IRA FLATOW: Antibiotic resistance is a serious medical problem. That’s when pathogens no longer respond to the conventional medications. It’s in part due to overprescription of antibiotics in medicine and the widespread use of antibiotics in animal agriculture.

But here’s something new. Turns out the roots of antibiotic resistance go way back before humans were around, millions of years, to the soil. A recent study in the proceedings of the National Academy of Sciences collected hundreds of soil and poop samples from around the world to try to trace back the genetics of how resistance arose in Enterococcus bacteria. That’s a group of bacteria that live in the guts of pretty much every land animal.

Joining me now is Dr. Michael Gilmore. He’s the chief scientific officer at Mass Eye and Ear and professor at Harvard Med School. Welcome to Science Friday.
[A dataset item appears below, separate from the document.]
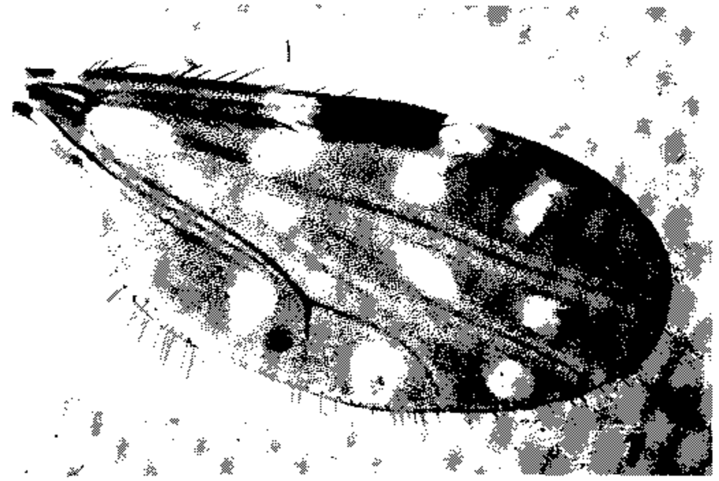
Fig. 1: Photograph of female wing of Culicoides espinolai n. sp.

Culicoides espinolai is a typical member of the debilipalpis group, where it most closely resembles C. insinuatus Ortiz & Leon (1954, Bol. Inf. Cient. Nac. 7: 564 - 590) and C. todatangae Wirth & Blanton (1973, Amazoniana 4 (4): 405 - 470) by the presence of a pale spot in cell M2 lying adjacent to midportion of mediocubital stem. Both species differ from espinolai by the greater pilosity of eyes. C. espinolai differs from insinuatus by the larger size, the aspect of the femora, the reduced size of pale spots in the wing and the greater palpal ratio and proboscis. It differs from todatangae by broadly separated eyes and well separated poststigmatic pale spots in cell R5.

MICHAEL GILMORE: Thanks so much, Ira. Pleasure to be here.

IRA FLATOW: Tell us about this bacteria. And why study it?

MICHAEL GILMORE: Yeah, so Enterococcus is especially interesting. In the time that we’ve used antibiotics on humans, antibiotic-resistant bacteria have emerged to cause problems. And two of those bacteria are members of the Enterococcus family. That’s out of thousands of possible bacteria.

So it caught our attention that Enterococcus arose, and it arose twice. So that said, there’s something special about this. So now it’s among the leading causes of antibiotic-resistant infection.

IRA FLATOW: So you’re trying to map out the genetics of many of these species to see how they fit together, right? How do you go about doing that?

MICHAEL GILMORE: Exactly. Genomics is the new lens to understand and view the world through. And that’s showing us so much that we didn’t understand before. When you look through the microscope at bacteria, they’ll look tiny and kind of round. And it’s hard to distinguish one from the other.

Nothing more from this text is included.